::: AVAILABLE DATA

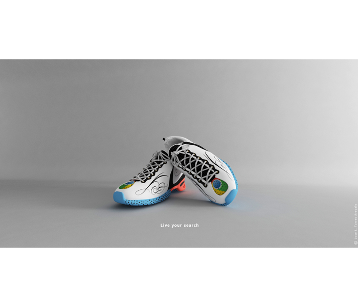 Deportivas realizadas en 3D mediante 3Ds Max para la página web liveyoursearch.com con la temática de Google Chrome.
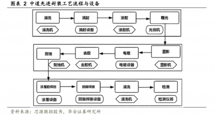 1.1 先进封装属于中道工艺,涉及部分前道工艺与设备
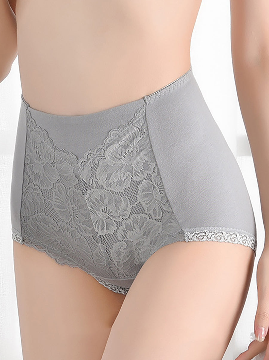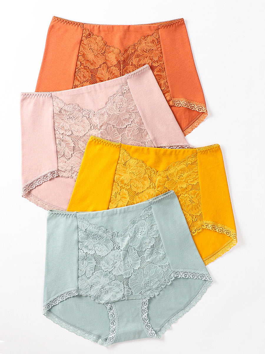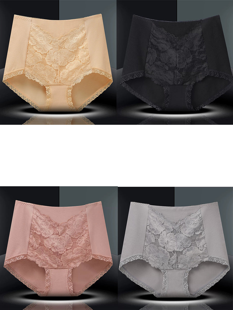 Conjunto de 4 peças de calcinhas femininas de cintura alta com detalhes florais artísticos.
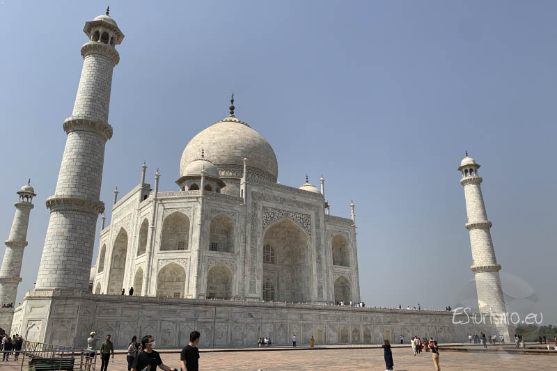 El Taj Mahal es un monumento precioso, nos gustó muchísimo, la armonía de sus formas es prácticamente perfecta, además son dignos de mención sus detalles, como las exquisitas taraceas que forman letras árabes, flores, motivos geométricos, etc. Por cierto, prepárate para que te miren descaradamente, incluso te pedirán hacerse fotos contigo si tienes rasgos de Europa del norte, es decir, pelo rubio, ojos claros, tez blanca… para los indios este tipo de personas es muy exótica. Cada uno decide como manejar la situación, nosotros te recomendamos que te lo tomes con humor y sentido común.
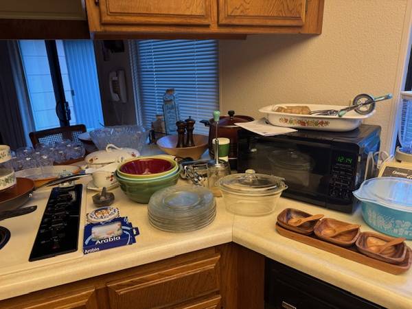 KITCHEN: Cuisinart toaster oven, KitchenSmith toaster, Kenmore microwave, Osterizer blender, crockpot, Proctor grinder, Sunbeam hand mixer, glassware, cups, baking sheets, utensils, mugs, tea pots, juice jars, knives, silverware, canister set, cookbooks, wooden wine racks, pots, pans, saucepans, vintage Pyrex, Tupperware, Belgium casserole, wooden salad bowls, platters, butterdish, Lenox dish set, Washington knives, tea cups, salt and pepper shakers, crystal, plus.
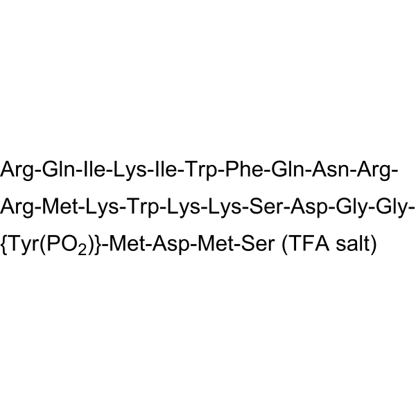 描述:740 Y-P TFA (740YPDGFR; PDGFR 740Y-P) 是一个有效的,具有细胞渗透性的 PI3K 激活剂。740 Y-P TFA 很容易结合含有 p85 的 N- 和 C- 末端 SH2 结构域的 GST 融合蛋白,但不能单独结合 GST。
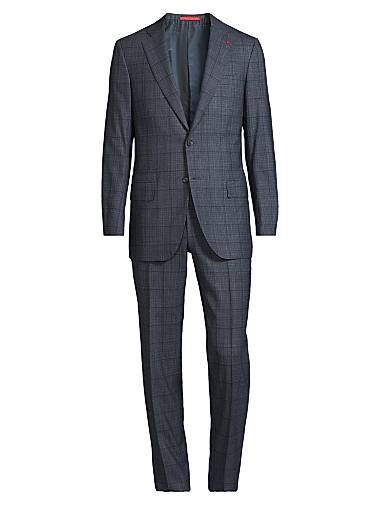 Из коллекции Mouline Comfort. Костюм Isaia, выполненный из стрейчевой шерсти, отличается клетчатым принтом и включает пиджак с вырезными лацканами и брюки с стрелками.
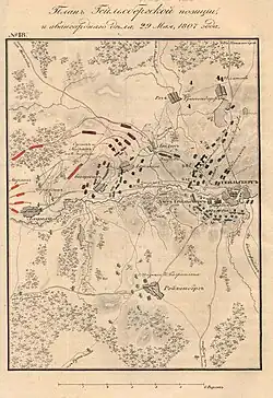 Benningsen tinha sido enganado em retirada por relatórios falsos dos números franceses.[6] Os russos, tendo voltado para Heilsberg, tinham alguma proteção contra trabalhos de campo substanciais.[7] Para invadir as fortificações, Napoleão teve que escolher entre um avanço imediato ou um movimento de flanco, ameaçando a base de suprimentos russa de Königsberg (agora Kaliningrado).[7] Ele escolheu o último, e os franceses assim se posicionaram de modo a cortar qualquer oportunidade para os russos obterem reforços.
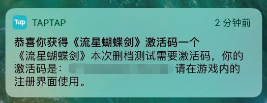 获得了测试资格的玩家都将收到来自TapTap的站内通知,通知中将送上登录用的激活码,所以请藏藏好!

::::::

▶ _TO DO_: Quote the data exactly, leaving every image out of the copy.

▶ _WRITTEN SOLUTION_:
 Deportivas realizadas en 3D mediante 3Ds Max para la página web liveyoursearch.com con la temática de Google Chrome.
 1.1 先进封装属于中道工艺,涉及部分前道工艺与设备
 Conjunto de 4 peças de calcinhas femininas de cintura alta com detalhes florais artísticos.
 El Taj Mahal es un monumento precioso, nos gustó muchísimo, la armonía de sus formas es prácticamente perfecta, además son dignos de mención sus detalles, como las exquisitas taraceas que forman letras árabes, flores, motivos geométricos, etc. Por cierto, prepárate para que te miren descaradamente, incluso te pedirán hacerse fotos contigo si tienes rasgos de Europa del norte, es decir, pelo rubio, ojos claros, tez blanca… para los indios este tipo de personas es muy exótica. Cada uno decide como manejar la situación, nosotros te recomendamos que te lo tomes con humor y sentido común.
 KITCHEN: Cuisinart toaster oven, KitchenSmith toaster, Kenmore microwave, Osterizer blender, crockpot, Proctor grinder, Sunbeam hand mixer, glassware, cups, baking sheets, utensils, mugs, tea pots, juice jars, knives, silverware, canister set, cookbooks, wooden wine racks, pots, pans, saucepans, vintage Pyrex, Tupperware, Belgium casserole, wooden salad bowls, platters, butterdish, Lenox dish set, Washington knives, tea cups, salt and pepper shakers, crystal, plus.
 描述:740 Y-P TFA (740YPDGFR; PDGFR 740Y-P) 是一个有效的,具有细胞渗透性的 PI3K 激活剂。740 Y-P TFA 很容易结合含有 p85 的 N- 和 C- 末端 SH2 结构域的 GST 融合蛋白,但不能单独结合 GST。
 Из коллекции Mouline Comfort. Костюм Isaia, выполненный из стрейчевой шерсти, отличается клетчатым принтом и включает пиджак с вырезными лацканами и брюки с стрелками.
 Benningsen tinha sido enganado em retirada por relatórios falsos dos números franceses.[6] Os russos, tendo voltado para Heilsberg, tinham alguma proteção contra trabalhos de campo substanciais.[7] Para invadir as fortificações, Napoleão teve que escolher entre um avanço imediato ou um movimento de flanco, ameaçando a base de suprimentos russa de Königsberg (agora Kaliningrado).[7] Ele escolheu o último, e os franceses assim se posicionaram de modo a cortar qualquer oportunidade para os russos obterem reforços.
 获得了测试资格的玩家都将收到来自TapTap的站内通知,通知中将送上登录用的激活码,所以请藏藏好!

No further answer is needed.